My TX1 worked perfectly except it sometimes shuts down itself and never come back unless I manually boot up it again.
Any help is appreciated, thanks!

@lanfker
I don’t think this message cause the system reboot. Could you try run the jetson_clocks.sh to make the fan working to exclude the thermal issue. And figure the repo step is better for debugging.

Hi ShaneCCC,
I believe the module is not over heated. I ran the module indoor, and it can automatically shuts down itself one or two minutes after a fresh boot.

Can I ask what ‘repo step’ is in your reply?

This last log line tends to blame the SD card (not definitive):

mmc1: Command CRC error, intmask: 60001 Interface clock = 204000000Hz

I’ve had success with most SD cards when used for data, but when used for a rootfs I’ve more or less succeeded only with name-brand cards, e.g., SanDisk or Samsung, but all ADATA failed for rootfs. Your SD seems to not be used as a root file system, but I am curious if you still get failures with no SD card installed (or with a different name brand SD card)?

Hi linuxdev,

First, thanks for replying.

I do not have an SD card plugged in my TX1 board, is this causing the timeout problem? If it is, my guess is the system should report time out quite quickly, but not after thousands of seconds.

I had assumed this was from the SD card controller:

mmc1: Command CRC error

If someone from NVIDIA can confirm that this is or is not the SD card controller then there is a clue. I guess a big question is how to reproduce this, but regardless, after a boot, what do you get from “dmesg | egrep -i mmc1”? I’d be very curious what mmc1 is if it is not the SD controller.
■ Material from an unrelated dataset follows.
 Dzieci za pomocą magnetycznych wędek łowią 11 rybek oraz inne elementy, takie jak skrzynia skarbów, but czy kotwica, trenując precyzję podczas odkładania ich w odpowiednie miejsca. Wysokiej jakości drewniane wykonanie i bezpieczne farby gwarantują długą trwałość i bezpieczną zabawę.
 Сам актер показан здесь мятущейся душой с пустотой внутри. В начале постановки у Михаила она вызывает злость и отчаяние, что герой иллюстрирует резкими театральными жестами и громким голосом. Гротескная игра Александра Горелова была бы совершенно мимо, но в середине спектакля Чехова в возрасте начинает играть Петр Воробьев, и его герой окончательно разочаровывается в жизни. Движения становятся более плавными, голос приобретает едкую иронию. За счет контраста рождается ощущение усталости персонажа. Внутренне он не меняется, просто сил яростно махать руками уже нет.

I have one ‘grep -i ‘mmc1’ one_log.txt’ in my post. ‘one_log.txt’ is a full log from start to crash. Does it suffice?
If not, I will post “dmesg | egrep -i mmc1” once I get back to work tomorrow. Thanks!
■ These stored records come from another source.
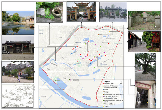 Distribution map and typical landscape of material cultural resources in Huangpu Historical Village (photo collected by author).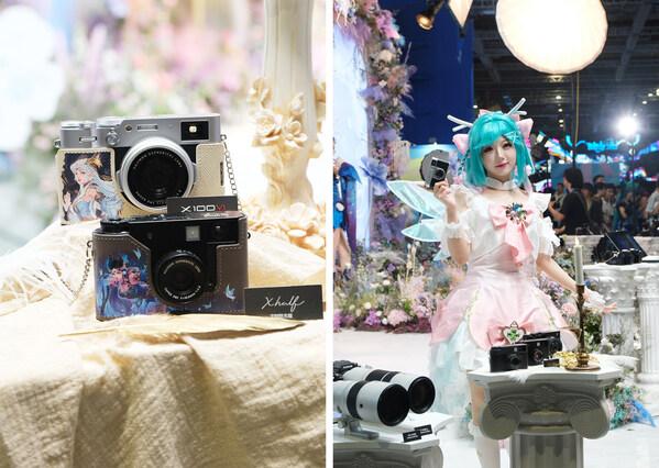 富士胶片展台特别设置了《王者荣耀》主题拍照区,通过X half的"双重曝光"、"2 in 1"等个性化拍摄功能,玩家可与游戏场景"同框",创造出"游戏元素+现实场景"的创意自由组合,留存专属于自己的"王者记忆"。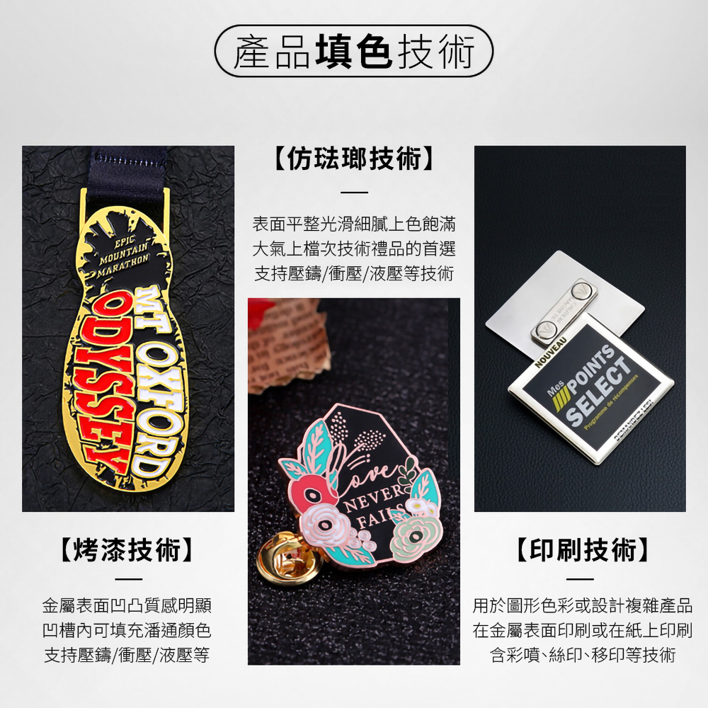- 填色工藝包含仿琺瑯、烤漆、印刷(彩噴/絲印/移印),色彩飽滿層次分明。

If you don’t have an SD card I think someone still needs to confirm that mmc1 refers to the SD controller. It was mentioned earlier to see what happens when you run “sudo ~/jetson_clocks.sh”…if this changes things or not.

@linuxdev
It’s wifi sdio module.

@lanfker
Could you remove the lib/firmware/brcm/. to check if the mmc1 message still there.
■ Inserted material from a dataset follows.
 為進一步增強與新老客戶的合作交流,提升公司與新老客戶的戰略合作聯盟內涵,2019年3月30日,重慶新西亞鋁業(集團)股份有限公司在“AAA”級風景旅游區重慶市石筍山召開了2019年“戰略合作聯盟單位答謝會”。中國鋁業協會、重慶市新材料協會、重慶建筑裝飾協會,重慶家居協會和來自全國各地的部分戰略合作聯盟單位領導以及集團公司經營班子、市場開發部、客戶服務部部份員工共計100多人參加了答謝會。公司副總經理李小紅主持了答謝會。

Hi linuxdev, this is the ‘egrep’ from dmesg

ubuntu@tegra-ubuntu:~$ dmesg | egrep -i mmc1
[    0.269153] vddio-sdmmc1: 1800 <--> 3300 mV at 3300 mV with ramp delay 100000 uV/us ; Rail ON
[    0.331366] tegra210-pmc-iopower pmc-iopower.29: Rail iopower-sdmmc1 is having voltages: 1800000:3300000
[    1.491341] mmc1: sdhci_tegra_probe line=5737 runtime pm type=mmc rtpm coupled with clock gate, disable-clock-gate=0
[    1.508221] mmc1: no vqmmc regulator found
[    1.514237] mmc1: no vmmc regulator found
[    1.551122] mmc1: SDHCI controller on sdhci-tegra.1 [sdhci-tegra.1] using ADMA
[    1.777900] mmc1: queuing unknown CIS tuple 0x80 (5 bytes)
[    1.971656] mmc1: tap value and tuning window after hw tuning completion ...
[    1.971668] mmc1: tuning_window[0]: 0xcfffffff
[    1.971676] mmc1: tuning_window[1]: 0xffffffff
[    1.971684] mmc1: tuning_window[2]: 0xffffffc7
[    1.971692] mmc1: tuning_window[3]: 0x7ffff3ff
[    1.971699] mmc1: tuning_window[4]: 0x0
[    1.971706] mmc1: tuning_window[5]: 0x0
[    1.971713] mmc1: tuning_window[6]: 0x0
[    1.971720] mmc1: tuning_window[7]: 0x0
[    1.975203] mmc1: new ultra high speed SDR104 SDIO card at address 0001
[    2.493115]    sdmmc1_ddr
[    5.768847] mmc1: queuing unknown CIS tuple 0x80 (5 bytes)
ubuntu@tegra-ubuntu:~$

Hi ShaneCCC,

I have followed your instructions and moved everything under lib/firmware/brcm/ to my home folder for backup. If this is caused by WiFi firmware, does the latest tegra ubuntu OS still have the issue or it is solved? My work on my TX1 needs both Ethernet and WiFi.

Since the error happens at quite low probability, I will have to spend time observing logs before I can confirm if the error outputs are gone. I do not know how to reproduce this error.

@lanfker
Does the timeout message still show up and wifi function didn’t working after remove the bin file?

Hi lanfker,

Have you clarified the cause and resolved the problem?
Any result can be shared?

Thanks

Hi, Kayccc,
I did not solve the problem due to its low occurrence, and much of my time was allocated to other tasks. I will keep monitoring this issue till I solve it. If I manage to get this solved, I will certainly share my solution.